▸ **Work required**
From the first line to the last, restate the data exactly, leaving out the images.

-- Supplied information follows --

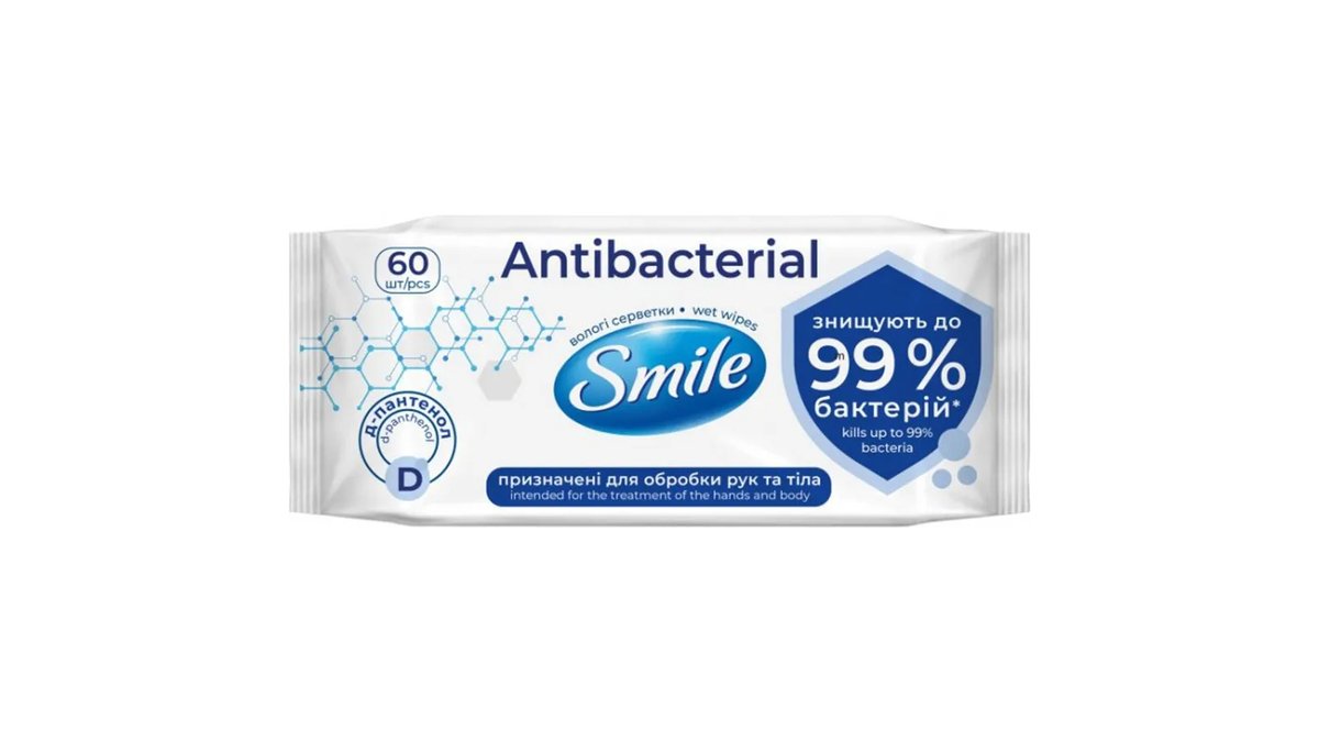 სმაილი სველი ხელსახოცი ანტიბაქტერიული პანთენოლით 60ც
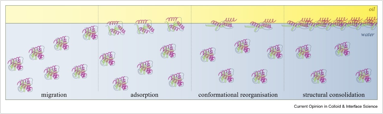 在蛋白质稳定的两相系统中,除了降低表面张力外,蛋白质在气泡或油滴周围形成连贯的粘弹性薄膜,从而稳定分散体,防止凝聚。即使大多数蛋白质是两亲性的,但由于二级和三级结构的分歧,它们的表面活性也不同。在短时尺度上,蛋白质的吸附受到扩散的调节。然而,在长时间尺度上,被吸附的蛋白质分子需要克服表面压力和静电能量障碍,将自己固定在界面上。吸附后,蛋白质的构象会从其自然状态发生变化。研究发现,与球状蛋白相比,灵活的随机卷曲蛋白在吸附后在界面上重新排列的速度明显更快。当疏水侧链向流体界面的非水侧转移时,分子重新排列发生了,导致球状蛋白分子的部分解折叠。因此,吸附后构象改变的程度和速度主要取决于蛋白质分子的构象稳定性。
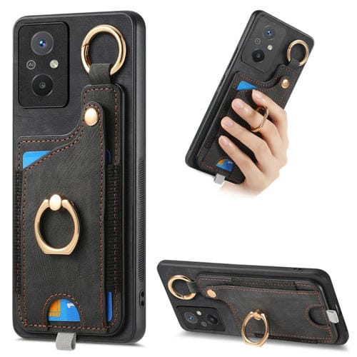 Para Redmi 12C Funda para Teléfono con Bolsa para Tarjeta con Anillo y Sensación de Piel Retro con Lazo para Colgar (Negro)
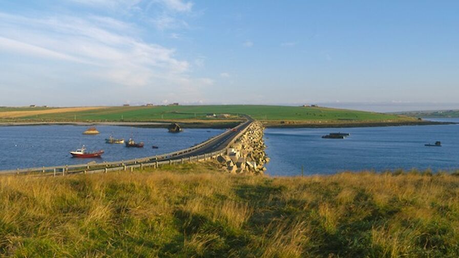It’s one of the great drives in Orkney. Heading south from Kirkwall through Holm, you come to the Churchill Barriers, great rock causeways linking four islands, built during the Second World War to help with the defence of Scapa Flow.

-- Supplied information concluded --

▸ **Answer section**
 სმაილი სველი ხელსახოცი ანტიბაქტერიული პანთენოლით 60ც
 在蛋白质稳定的两相系统中,除了降低表面张力外,蛋白质在气泡或油滴周围形成连贯的粘弹性薄膜,从而稳定分散体,防止凝聚。即使大多数蛋白质是两亲性的,但由于二级和三级结构的分歧,它们的表面活性也不同。在短时尺度上,蛋白质的吸附受到扩散的调节。然而,在长时间尺度上,被吸附的蛋白质分子需要克服表面压力和静电能量障碍,将自己固定在界面上。吸附后,蛋白质的构象会从其自然状态发生变化。研究发现,与球状蛋白相比,灵活的随机卷曲蛋白在吸附后在界面上重新排列的速度明显更快。当疏水侧链向流体界面的非水侧转移时,分子重新排列发生了,导致球状蛋白分子的部分解折叠。因此,吸附后构象改变的程度和速度主要取决于蛋白质分子的构象稳定性。
 Para Redmi 12C Funda para Teléfono con Bolsa para Tarjeta con Anillo y Sensación de Piel Retro con Lazo para Colgar (Negro)
It’s one of the great drives in Orkney. Heading south from Kirkwall through Holm, you come to the Churchill Barriers, great rock causeways linking four islands, built during the Second World War to help with the defence of Scapa Flow.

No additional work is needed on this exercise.